Indeed, the families living at poverty or near-poverty levels -- the "working poor" -- constitute one of the fastest-growing population sectors in the United States.

This is happening at the same time that the welfare roles are shrinking. The national welfare reforms enacted in 1997 put timelines on moving welfare recipients into the workforce, and El Paso County has cut the number of families on welfare by over half in the past three years.

According to Barbara Drake, deputy director of the El Paso County Department of Human Services, the county assists families after they leave welfare by continuing to provide services in mental health, domestic violence, substance abuse, child care needs, continuance of Medicaid, car repairs, vocational training and employment-search help.


Dramatically changing economy

Why, then, are there more young children in El Paso County living in poverty and near-poverty than ever before?

After all, according to the Colorado Association of Commerce and Industry, over the past 10 years, the median household income in Colorado Springs jumped from $29,746 to $49,225. During that time, the percentage of Springs households with incomes of more than $50,000 increased by 49 percent.

But the numbers can be misleading, and the Colorado Springs job market offers no sure-bet escape from poverty.

"The Colorado Springs economy is heavily high-tech," said O'Brien, "It works only for people with education beyond high school. A significant number of the jobs available in El Paso County that are open to high school grads or less don't pay enough to keep pace with the galloping cost of living increases of recent years.

"The well-off are better-off than ever before, but those employed at the low end of the economic ladder are falling farther behind."

Another factor drowning the working poor is the skyrocketing cost of housing. A 1999 study by the Colorado Division of Housing reports that the average rent increased by 61 percent in the state's metropolitan areas in the '90s, but the family income of renters went up by only 13 percent.

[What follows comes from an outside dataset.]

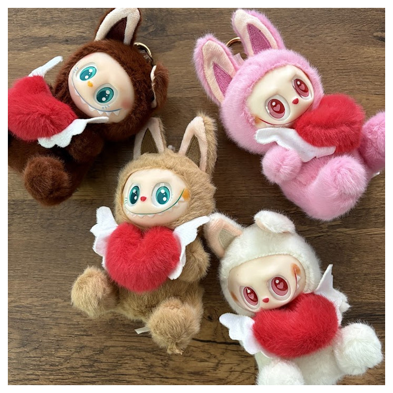 A cuki kis figura puha, bolyhos bundát visel, kezében egy nagy piros, tollpiheszerű szívet szorongat, amit ki lehet húzni, majd mókásan visszapattan. A feje megnyomására megszólal a Labubu-dal, miközben a fülecskéi villogva világítanak – garantáltan mosolyt csal minden arcra!

More than 88,000 families in Colorado now spend more than half their income on rent.

Housing in Colorado Springs is particularly tight. According to the Apartment Association of Colorado Springs, the overall vacancy rate is a tight 3.9 percent, and the average rent has zoomed to $630 a month.

For the working poor, it's even tighter. There are a scant 46 affordable rental units per 100 renter households available to families with poverty-level or lower incomes. To meet current needs, Colorado Springs would have to offer an additional 37,000 affordable housing units, according to a City Council-commissioned study that was completed last year.

It's not surprising, then, that Jeanne Holtz, director of the local Red Cross shelter, reports a big increase in the number of families living at the shelter.

"Most of the adults staying here are employed," she said. "The main problem seems to be wages. A significant number of jobs don't pay a living wage for a person with two, three, four kids and a wife to support.

"On top of that, affordable housing is all but nonexistent. We're in a real overflow situation. All 90 of our family beds are filled. We have more kids in the shelter at present than I've seen in years.

"It's really tough to break the poverty cycle," Holtz noted. "Even with a job."